Но где именно? Вкусы Оруэлла формировались в среде, которая если и не была полностью однородной, то стремилась к общим стандартам и эстетической общности. Литературный ландшафт 1930-х годов был гораздо более подвержен расколам и разногласиям. Это был мир напряженных сражений между традиционалистами и модернистами, между высоколобыми и низкопробными, между прогрессом и реакцией, в котором вся идея культуры начала оспариваться в соответствии с теоретическими принципами, которые просто не были доступны тридцать или даже двадцать лет назад. Многое из этого, неизбежно, было связано с политикой. В эссе "Почему я пишу", написанном много лет спустя, Оруэлл вспоминает карикатуру из Punch, в которой "невыносимый юноша" с литературными устремлениями, спрошенный родственницей о его теме, отвечает: "Моя дорогая тетя, ни о чем нельзя писать. Мы просто пишем". В 1930-е годы все чаще писали, чтобы доказать свою точку зрения. Одной из главных особенностей литературной сцены, на которой дебютировал Оруэлл, была ее абсолютная спорность, своего рода вечная зона боевых действий, в которой полдюжины противоборствующих альянсов обстреливали друг друга.

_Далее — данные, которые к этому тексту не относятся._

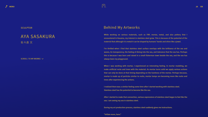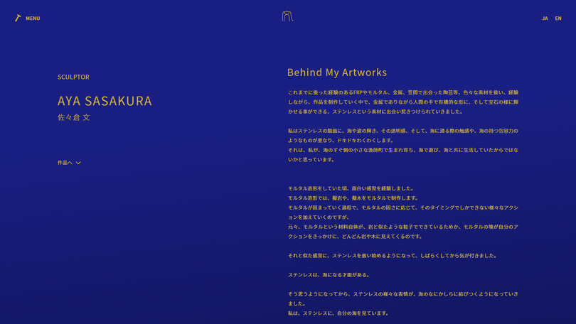 本サイトは彫刻家 佐々倉文 様 の個展や作品の紹介、活動状況を掲載するための、日本語、英語の二言語サイトです。
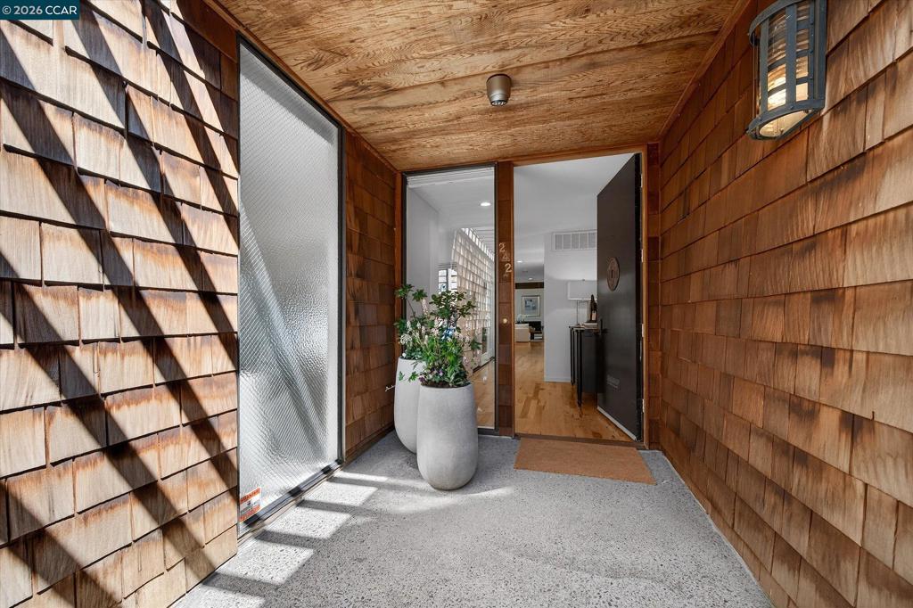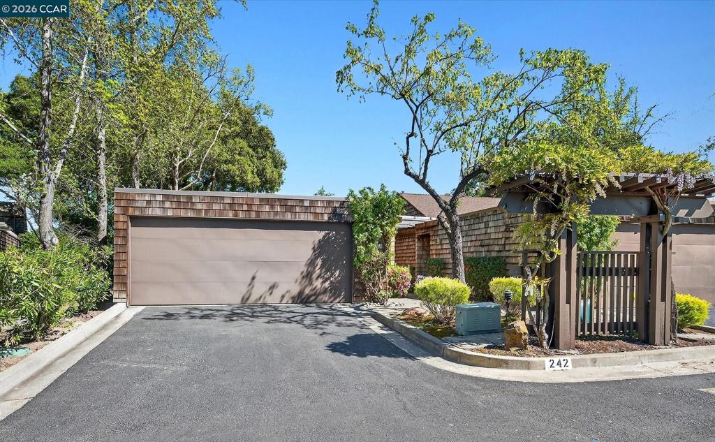 Rarely available single level living in sought-after Orindawoods. Ideally positioned for privacy & abundant natural light, this serene residence offers a seamless blend of comfort, style, & connection to nature. Soaring vaulted, beamed ceilings & walls of glass create an airy, open feel, while four sets of sliding glass doors invite the outdoors in—framing picturesque views of mature oak trees & surrounding greenery. Designed for effortless California living, the home is bright, sunny, & perfectly suited for both everyday living and relaxed entertaining. Warm hardwood floors & a gas fireplace add character and sophistication. The thoughtfully designed layout includes a spacious primary suite featuring a sliding glass door, custom shades, & beautifully updated bathroom with double vanity, large shower, & sleek Grohe fixtures. The secondary bedroom offers its own ensuite bath and outdoor access—ideal for guests or a home office. Outdoor living is equally inviting, with a wraparound deck showcasing contemporary glass-paneled railings and a private courtyard patio beneath a wisteria-draped trellis. Two-car garage with interior access. Coveted Orindawoods lifestyle, with community pools, tennis, BART shuttle and convenient proximity to downtown Orinda & top-rated schools.

Неизбежно, многие из участников сражения вернулись в предыдущее десятилетие. Блумсбери - его принципы теперь стали достоянием общественности благодаря знаменитому эссе Раймонда Мортимера "Dial" 1929 года - и Ситвеллы все еще были сильны. Слухи о модернизме донесли до широкой читающей публики Джойс и Элиот. Под этими олимпийскими вершинами располагались силы консерватизма книжного мира: георгианские поэты; беллетристы и легкие эссеисты популярных газет; ультрареакционный "Лондонский Меркурий" Дж. К. Сквайра; апологеты католицизма из школы Честертона и Беллока. В идеологическом плане это было начало "розового десятилетия", во главе которого стояли леволиберальные бывшие школьники, такие как У. Х. Оден, Кристофер Ишервуд и Стивен Спендер, но в его рядах нашлось место и для писателей из рабочего класса, приносивших депеши с промышленного севера. Между тем, всегда существовал огромный круг читателей среднего уровня (и среднего класса), которые с удовольствием покупали бестселлеры, рецензируемые каждые выходные в Sunday Times и Observer, не проявляя особого интереса к политическим и культурным столкновениям, происходящим над их головами. Для образцового покупателя "Добрых компаньонов" и "Тротуара ангела" радикализм Пристли был бы гораздо менее важен, чем диккенсовская традиция, в которой он покоился.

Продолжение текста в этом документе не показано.